The law also grants the Turkish president authority to extend the suspension for an additional three years if economic conditions justify it. This provision gives policymakers flexibility to respond quickly if inflation remains under control or, conversely, if price pressures return.
The Turkey inflation accounting law is therefore not only a technical accounting change but also a broader policy signal about expectations for macroeconomic stability.
Impact on banks and financial institutions
Even before the parliamentary vote, Turkey’s Banking Regulation and Supervision Agency, known as BDDK, had already moved in a similar direction. The regulator announced that banks and a wide range of financial institutions would not apply inflation accounting.
This exemption covers banks, financial leasing companies, factoring firms, financing companies, savings financing entities, and asset management firms. By aligning financial institutions with the broader corporate sector, regulators aim to ensure consistency and reduce reporting complexity across the economy.
For banks, the removal of inflation accounting simplifies balance sheets and capital calculations, which could improve clarity for investors and international counterparties.
Inflation trends support the policy shift
One of the key drivers behind the Turkey inflation accounting law is the notable slowdown in inflation. Annual inflation fell to 31.07 percent in November, marking the lowest level in four years. While still elevated by global standards, this decline represents substantial progress compared with the peak levels seen in 2022.
Lower inflation reduces the distortive effects that originally justified inflation accounting. As price growth moderates, nominal financial statements become more meaningful and easier to interpret. Policymakers appear to believe that maintaining inflation accounting under these conditions would create unnecessary administrative burdens.
However, some analysts caution that inflation remains volatile and that abandoning inflation-adjusted reporting too early could mask underlying risks.
Implications for businesses and investors
For Turkish companies, the Turkey inflation accounting law offers immediate relief from complex calculations and compliance challenges. Financial reporting will become simpler, faster, and potentially less costly. This could be especially beneficial for small and medium-sized enterprises that struggled with the technical demands of inflation-adjusted accounting.
From an investor perspective, the picture is more mixed. On one hand, standardised nominal accounts are easier to compare across periods and with international peers. On the other hand, without inflation adjustments, reported profits and asset values may appear stronger than their real economic value if inflation resurges.
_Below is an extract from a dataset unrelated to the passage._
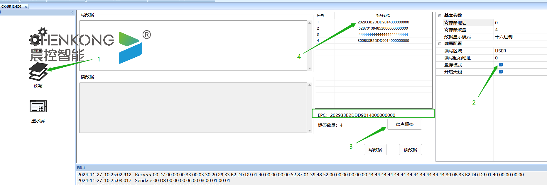 (2)自动连接到读写器后,先点击读写,进入读写页面。第二步开启读写器的盘存模式,第三步点击盘存标签,此刻标签列表里会出现电子纸右下角号码一样的标签EPC,点击选择代表电子纸的标签EPC号,这样就可以对电子纸进行改写操作了。

Foreign investors will closely watch how Turkey balances transparency with administrative efficiency as it implements the new rules.
Broader economic and policy context
The Turkey inflation accounting law fits into a broader pattern of economic recalibration. Authorities have taken steps to stabilise prices, restore policy credibility, and reduce market distortions. Recent measures include wage adjustments, tighter monetary policy, and regulatory reforms aimed at improving financial discipline.
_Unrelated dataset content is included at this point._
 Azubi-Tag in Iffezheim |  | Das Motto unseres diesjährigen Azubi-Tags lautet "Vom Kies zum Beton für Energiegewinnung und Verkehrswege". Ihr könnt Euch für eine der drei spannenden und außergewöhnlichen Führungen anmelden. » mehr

By suspending inflation accounting, the government is effectively signaling confidence that the worst of the inflation crisis has passed. At the same time, the option to extend the suspension underscores awareness that economic conditions can change rapidly.
What happens next
Implementation of the Turkey inflation accounting law will begin with the 2025 fiscal year. Companies, auditors, and regulators will need to update reporting standards, guidance, and compliance frameworks accordingly. Market participants will also reassess financial performance metrics now that inflation adjustments are no longer required.
Whether the policy proves successful will depend largely on inflation trends over the next two years. If inflation continues to fall, the reform may be seen as a logical and timely adjustment. If price pressures return, critics may argue that inflation accounting was removed prematurely.